== Extracted material ==

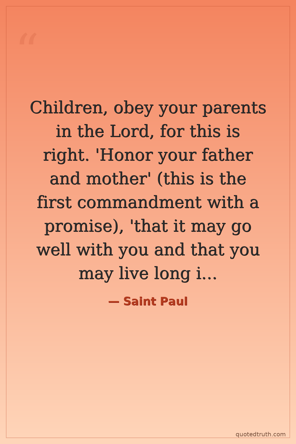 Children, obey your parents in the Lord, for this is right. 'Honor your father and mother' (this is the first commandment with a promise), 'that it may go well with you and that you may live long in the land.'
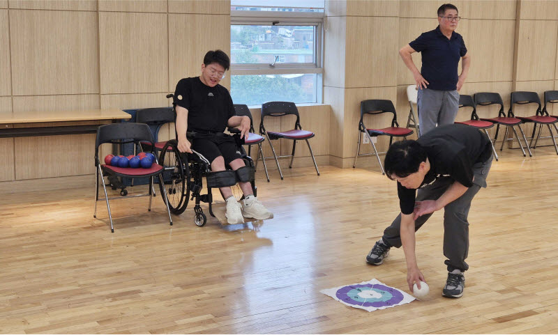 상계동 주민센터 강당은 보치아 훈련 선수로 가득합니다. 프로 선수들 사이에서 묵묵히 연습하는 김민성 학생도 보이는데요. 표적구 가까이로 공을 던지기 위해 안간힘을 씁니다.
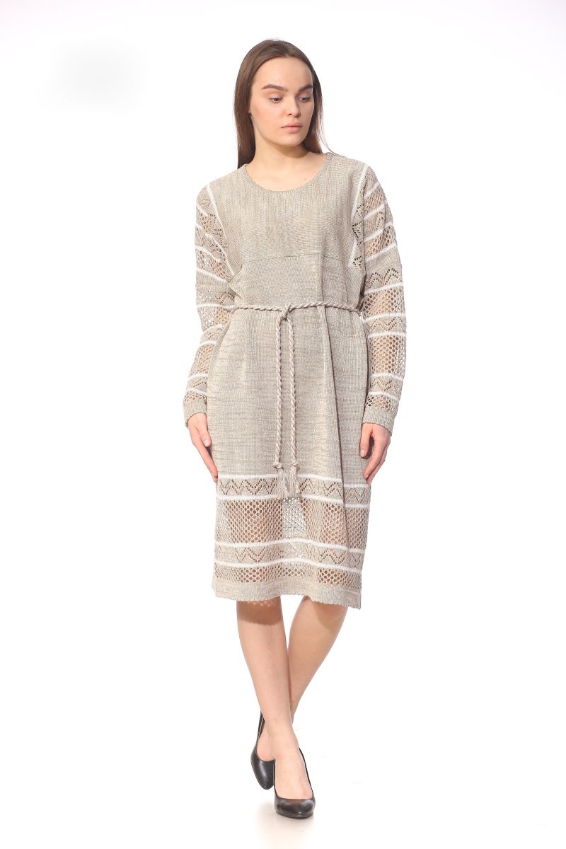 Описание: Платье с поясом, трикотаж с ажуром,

===
== Extracted material ==

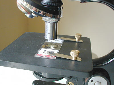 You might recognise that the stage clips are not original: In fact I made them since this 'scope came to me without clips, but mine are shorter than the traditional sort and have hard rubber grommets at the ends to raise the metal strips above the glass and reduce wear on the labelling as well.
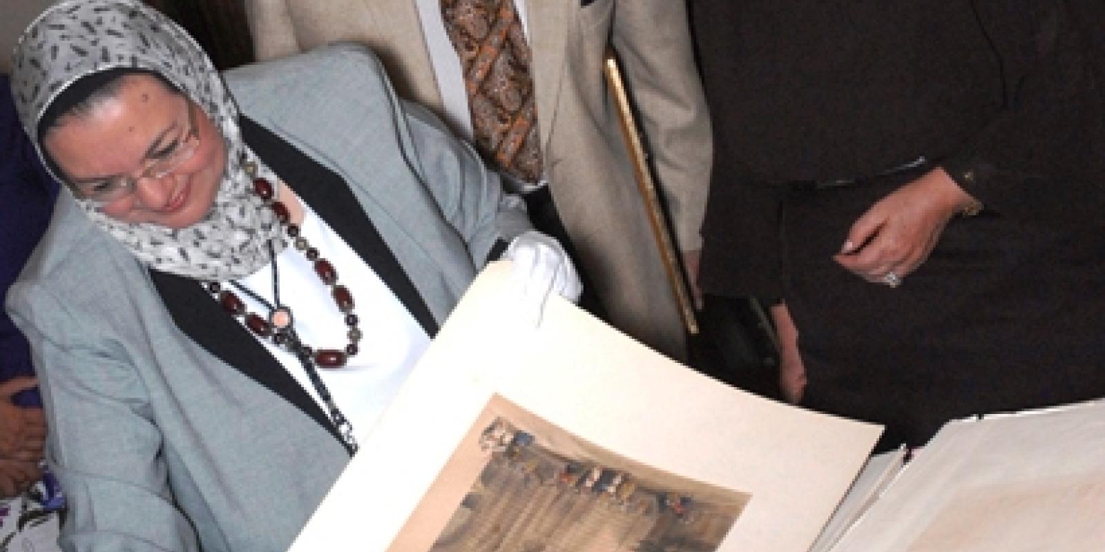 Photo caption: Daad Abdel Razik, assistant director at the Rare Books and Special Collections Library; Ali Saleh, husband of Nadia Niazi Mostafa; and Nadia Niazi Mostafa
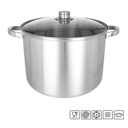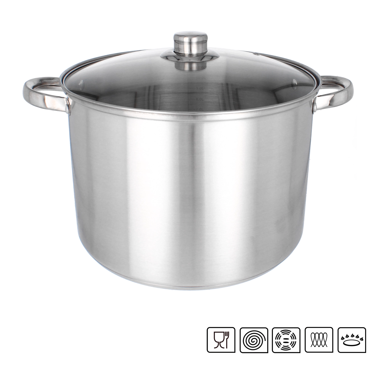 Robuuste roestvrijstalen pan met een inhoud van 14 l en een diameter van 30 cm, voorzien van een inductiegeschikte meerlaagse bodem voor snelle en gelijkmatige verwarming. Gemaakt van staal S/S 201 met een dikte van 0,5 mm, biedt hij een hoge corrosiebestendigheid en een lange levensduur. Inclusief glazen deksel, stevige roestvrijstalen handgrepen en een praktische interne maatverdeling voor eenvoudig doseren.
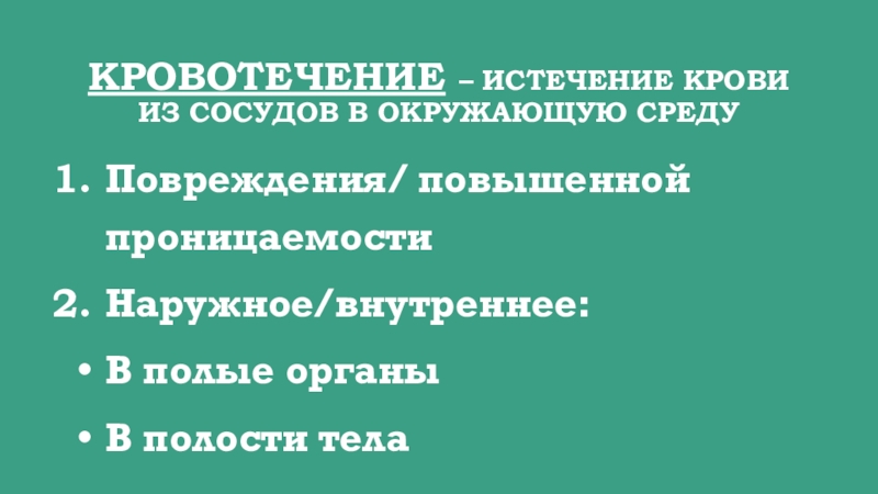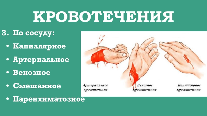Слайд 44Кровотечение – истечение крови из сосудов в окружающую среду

===
== Extracted material ==

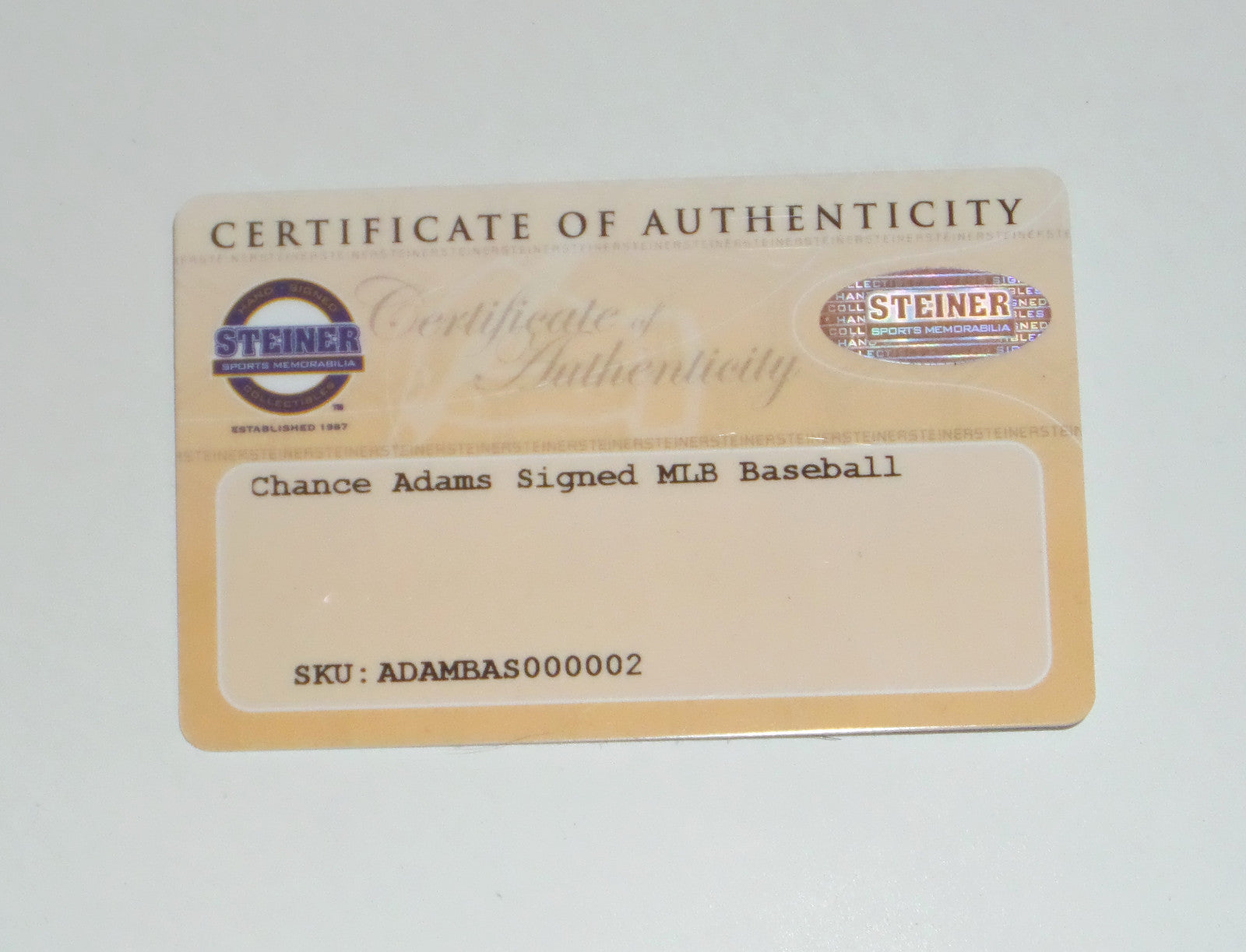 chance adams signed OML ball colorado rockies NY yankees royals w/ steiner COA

===

### [Task item]
Within these entries, output exactly the lines starting at the one with "Robuuste roestvrijstalen pan" and finishing at the one with "Слайд 44Кровотечение –". Leave pictures out of the output.

### [Answer to this task]
 Robuuste roestvrijstalen pan met een inhoud van 14 l en een diameter van 30 cm, voorzien van een inductiegeschikte meerlaagse bodem voor snelle en gelijkmatige verwarming. Gemaakt van staal S/S 201 met een dikte van 0,5 mm, biedt hij een hoge corrosiebestendigheid en een lange levensduur. Inclusief glazen deksel, stevige roestvrijstalen handgrepen en een praktische interne maatverdeling voor eenvoudig doseren.
Слайд 44Кровотечение – истечение крови из сосудов в окружающую среду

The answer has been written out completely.